→ TASK OBJECTIVE:
Here is the task for the listing below: output exactly the lines from the one containing "Black and Decker" through the one containing "Gagosian devoted its", and leave out the pictures.

→ RAW DATA:
# # # #
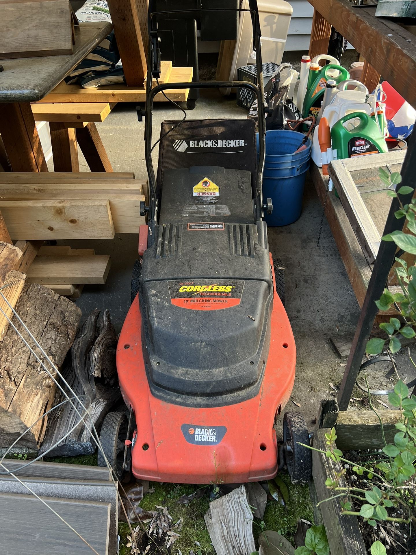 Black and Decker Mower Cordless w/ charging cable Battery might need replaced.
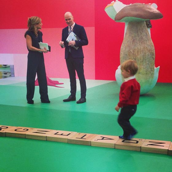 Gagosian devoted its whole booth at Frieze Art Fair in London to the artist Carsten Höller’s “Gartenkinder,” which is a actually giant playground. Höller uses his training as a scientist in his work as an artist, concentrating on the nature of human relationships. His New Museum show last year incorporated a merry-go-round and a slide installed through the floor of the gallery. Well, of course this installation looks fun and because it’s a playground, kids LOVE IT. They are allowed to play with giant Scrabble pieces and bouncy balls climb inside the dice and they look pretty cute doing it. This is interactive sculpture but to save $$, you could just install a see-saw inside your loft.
# # # #
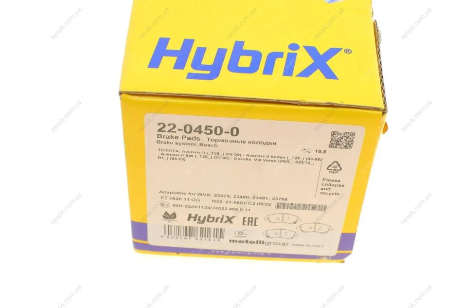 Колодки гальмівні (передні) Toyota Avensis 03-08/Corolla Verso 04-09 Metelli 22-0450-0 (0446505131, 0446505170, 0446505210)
# # # #
→ EXERCISE ANSWER:
 Black and Decker Mower Cordless w/ charging cable Battery might need replaced.
 Gagosian devoted its whole booth at Frieze Art Fair in London to the artist Carsten Höller’s “Gartenkinder,” which is a actually giant playground. Höller uses his training as a scientist in his work as an artist, concentrating on the nature of human relationships. His New Museum show last year incorporated a merry-go-round and a slide installed through the floor of the gallery. Well, of course this installation looks fun and because it’s a playground, kids LOVE IT. They are allowed to play with giant Scrabble pieces and bouncy balls climb inside the dice and they look pretty cute doing it. This is interactive sculpture but to save $$, you could just install a see-saw inside your loft.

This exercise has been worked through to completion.